======== Exercise data

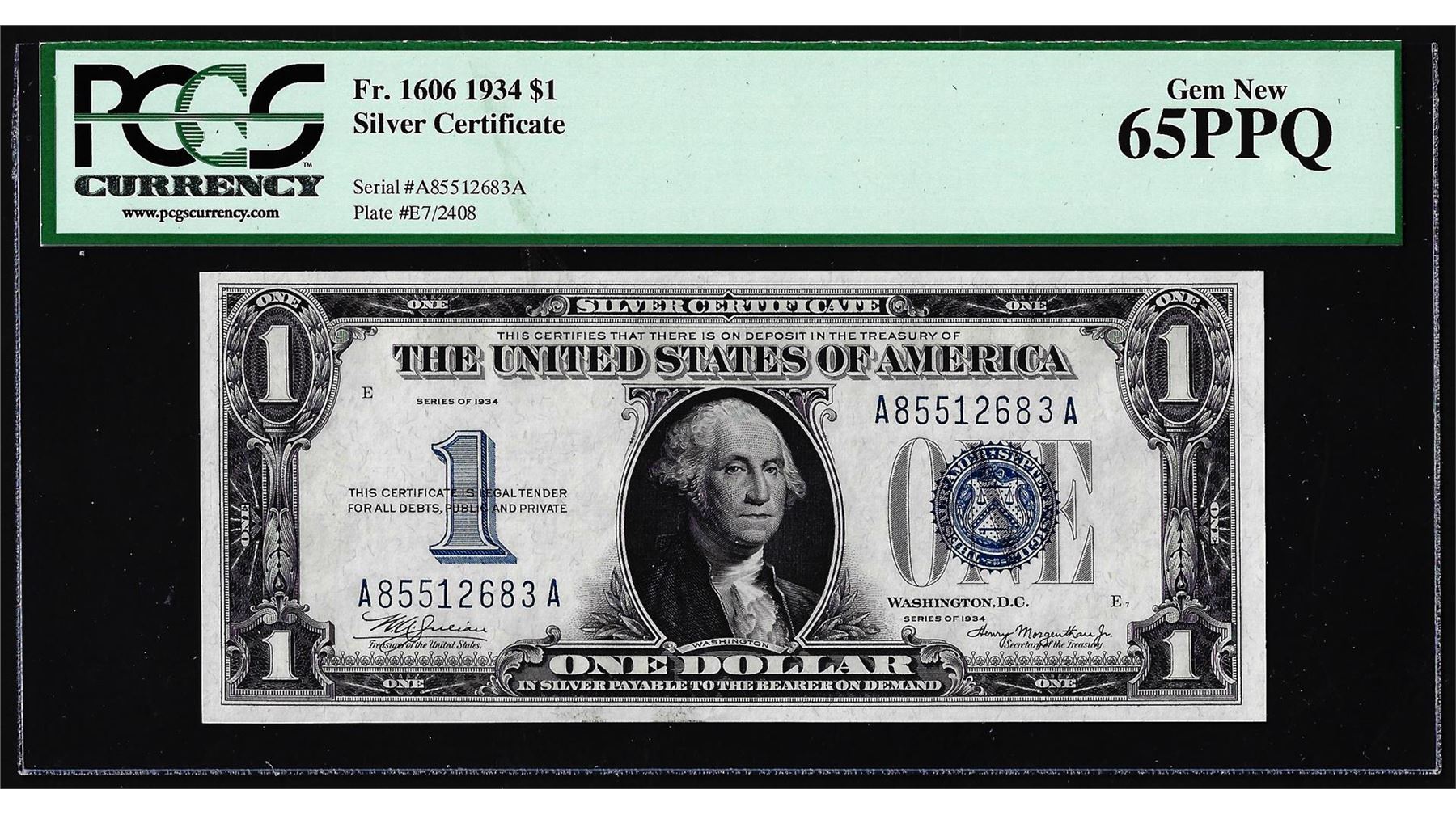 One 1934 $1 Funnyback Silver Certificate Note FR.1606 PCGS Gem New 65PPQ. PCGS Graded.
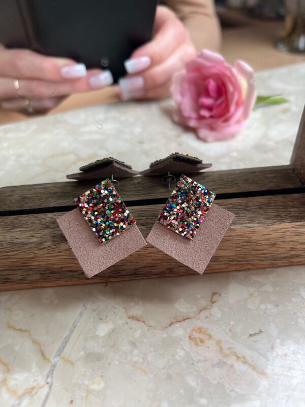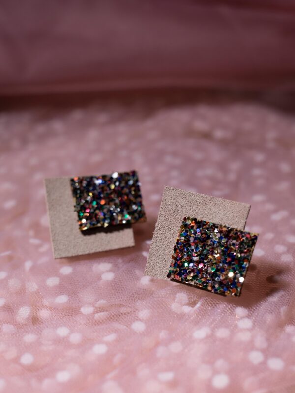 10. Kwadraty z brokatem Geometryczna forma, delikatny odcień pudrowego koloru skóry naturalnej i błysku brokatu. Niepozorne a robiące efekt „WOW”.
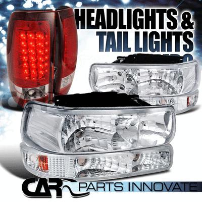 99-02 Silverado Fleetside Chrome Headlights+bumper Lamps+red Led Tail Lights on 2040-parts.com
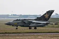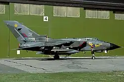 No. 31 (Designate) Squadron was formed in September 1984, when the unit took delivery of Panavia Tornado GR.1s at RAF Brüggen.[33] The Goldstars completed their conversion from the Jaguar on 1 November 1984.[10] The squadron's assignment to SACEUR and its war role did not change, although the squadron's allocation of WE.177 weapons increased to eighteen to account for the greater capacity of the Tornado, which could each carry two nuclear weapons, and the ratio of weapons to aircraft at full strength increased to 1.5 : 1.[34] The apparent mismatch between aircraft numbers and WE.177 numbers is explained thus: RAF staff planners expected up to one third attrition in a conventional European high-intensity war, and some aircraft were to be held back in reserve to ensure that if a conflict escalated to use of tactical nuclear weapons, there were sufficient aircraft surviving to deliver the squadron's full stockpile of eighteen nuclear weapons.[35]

================

**What you need to do:**
Look through the material above. Transcribe exactly the lines between the ones with "10. Kwadraty z" and "99-02 Silverado Fleetside", inclusive, and keep pictures out.

**Answer space:**
 10. Kwadraty z brokatem Geometryczna forma, delikatny odcień pudrowego koloru skóry naturalnej i błysku brokatu. Niepozorne a robiące efekt „WOW”.
 99-02 Silverado Fleetside Chrome Headlights+bumper Lamps+red Led Tail Lights on 2040-parts.com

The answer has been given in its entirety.